Master · Extended Response

1. Multi-step calculation — purity of a vinegar sample (Band 4–5)

8 marks Band 4–5

Scenario. A food scientist is testing a commercial apple cider vinegar sample. She dissolves 10.00 mL of vinegar in water and makes it up to 100.0 mL in a volumetric flask. A 20.00 mL aliquot is titrated against 0.05000 mol L⁻¹ NaOH using phenolphthalein. Three accurate titres are: 24.60, 24.55, 24.58 mL. The equation is: CH₃COOH + NaOH → CH₃COONa + H₂O. Molar mass of CH₃COOH = 60.05 g mol⁻¹. Density of the original vinegar = 1.004 g mL⁻¹.

(a) Calculate the average concordant titre and apply all 4 steps to find n(CH₃COOH) in the 20.00 mL aliquot. Show full working for each step. (4 marks)

(b) Calculate the total mass of CH₃COOH in the original 10.00 mL of vinegar. Show the scale-up step explicitly. (2 marks)

(c) Calculate the percentage by mass of acetic acid in the vinegar. (1 mark)

(d) Australian Food Standards require vinegar to contain at least 4.0% w/w acetic acid. State whether this sample meets the standard. Identify one assumption you made in (b) that could affect the accuracy of this conclusion. (1 mark)

Stuck? Revisit Worked Example 3 in the lesson for the scale-up technique, and the 4-step calculation pathway diagram.

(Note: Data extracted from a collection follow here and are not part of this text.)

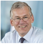
F. van Houten CEO Royal Philips, Amsterdam, The Netherlands
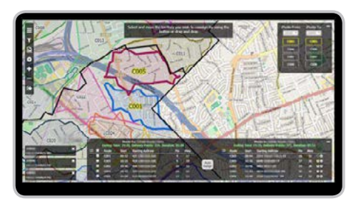
FIGURE 3: TERRITORY REASSIGNMENT TOOL SHOWS TWO ROUTE BOUNDARIES AND THE ACTUAL TERRITORY SECTIONS WITHIN THEM THAT CAN BE MOVED BETWEEN THE TWO ROUTES.
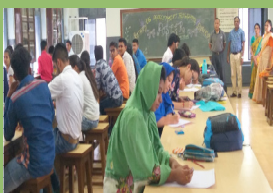
Poster making competition at Botany department
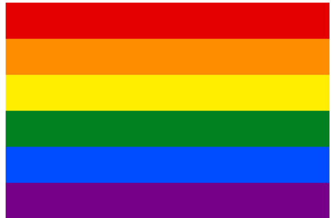
LGBTQ veterans independent review
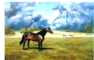
Rambling Willie Remembers

These lovely 5 x 7 Rambling Willie cards are packaged in sets of 10 cards. They are blank inside.
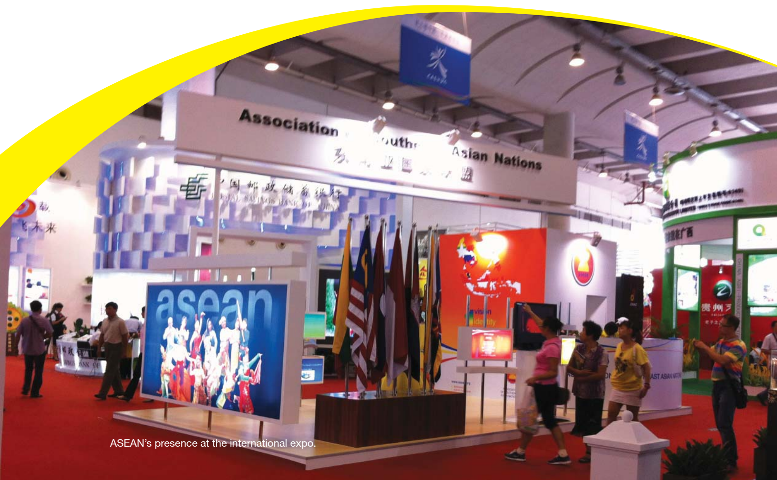
ASEAN's presence at the international expo.

Efforts to implement the ASEAN Framework for Equitable Economic Development that are intended to narrow the development gap in the region have gained momentum with new initiatives such as financial inclusion being introduced. Meanwhile, negotiations for the Regional Comprehensive Economic Partnership, which will further cement ASEAN's centrality when completed by 2015, have also started.
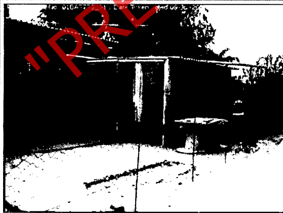
Asset: 01BA777S_01 - View from :45° Left Date: 09-Jul-2008 File No:10028871 (5/11)
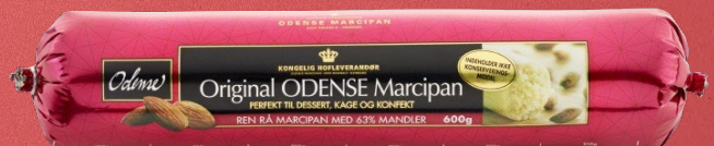
Original ODENSE Marcipan, 900g
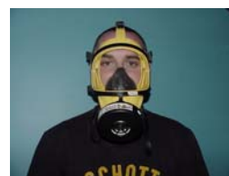
Fig.3 Full-face mask
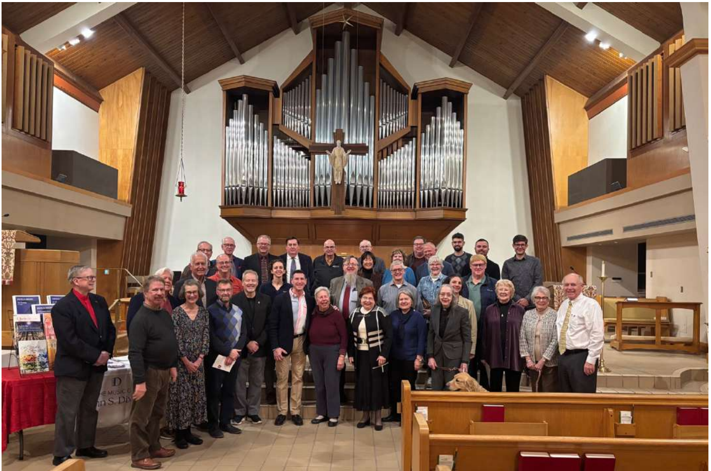
Pittsburgh Chapter Members at Mt. Lebanon Lutheran Church

2. Experimental design — back-titration for impure limestone (Band 5–6)

8 marks Band 5–6

Research question. A geology student has a sample of impure limestone (~1.0 g) and wants to determine its percentage purity (CaCO₃ content). CaCO₃ does not dissolve readily in water but reacts readily with excess HCl:

CaCO₃(s) + 2HCl(aq) → CaCl₂(aq) + H₂O(l) + CO₂(g)

The student has: an accurate mass of limestone (m₀ g); 1.000 mol L⁻¹ HCl (excess, 50.00 mL measured precisely); 0.1000 mol L⁻¹ NaOH (standard); phenolphthalein; a 250 mL volumetric flask; a 25.00 mL pipette; and a burette. The CO₂ is allowed to escape before titration. MM(CaCO₃) = 100.09 g mol⁻¹.

Q2. Design a complete back-titration procedure and show how to calculate % purity. In your response you must:

Describe each step of the procedure in the correct order, including any rinsing steps and why they matter.
State the purpose of using excess HCl in this design, not a precise stoichiometric amount.
Write the balanced equation for the back-titration step (NaOH reacting with excess HCl).
Show, algebraically, how n(CaCO₃) is determined from the titration data.
Write the formula for % purity in terms of the measured quantities.
Identify one source of systematic error specific to this back-titration design and suggest how to minimise it.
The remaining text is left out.